Task instructions
All that is needed is the first stretch of the listing below, repeated exactly and ending with the line that contains "Figure 1. Submammary, palmo-plantar". Pictures are to be left out.

Data for this task
————
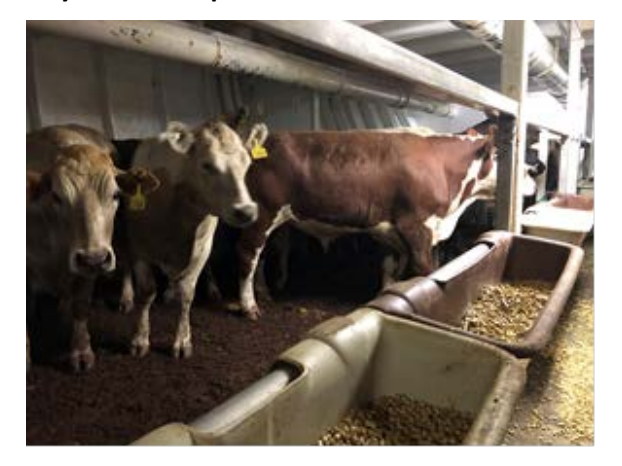
Day 13 Cattle in pen — no issues identified

Day 2 Cattle in pen — no issues identified
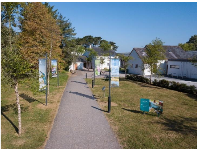
Path from car park to visitor centre
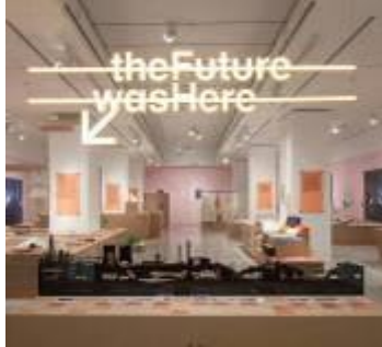
THE FUTURE IS HERE, DESIGN MUSEUM, 2013.
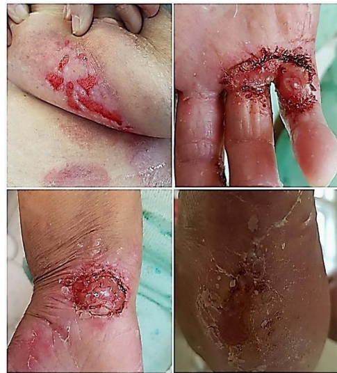
Figure 1. Submammary, palmo-plantar and radiocarpian ulcers on admission.

On admission we had an underweight patient (body mass index 18.3 kg/m 2 ), with a kyphoscoliotic thorax, with abolished vesicular murmur in the right lung base and with
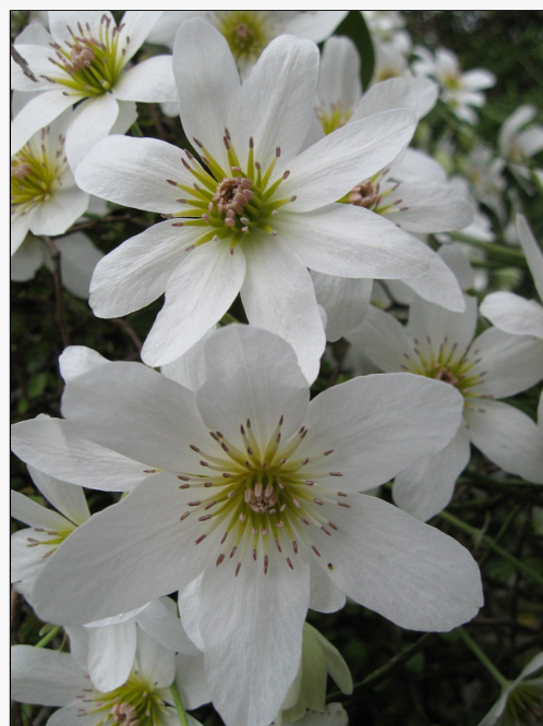
Caption: Dunedin Town belt
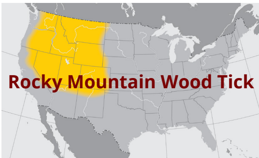
Rocky Mountain Wood Tick
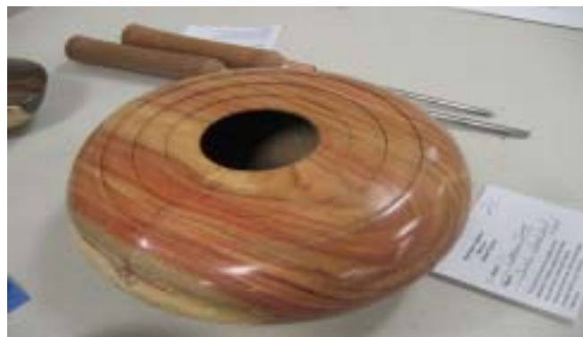
Corwin Jones' Carob closed vessel
————
Exercise solution
Day 13 Cattle in pen — no issues identified

Day 2 Cattle in pen — no issues identified
Path from car park to visitor centre
THE FUTURE IS HERE, DESIGN MUSEUM, 2013.
Figure 1. Submammary, palmo-plantar and radiocarpian ulcers on admission.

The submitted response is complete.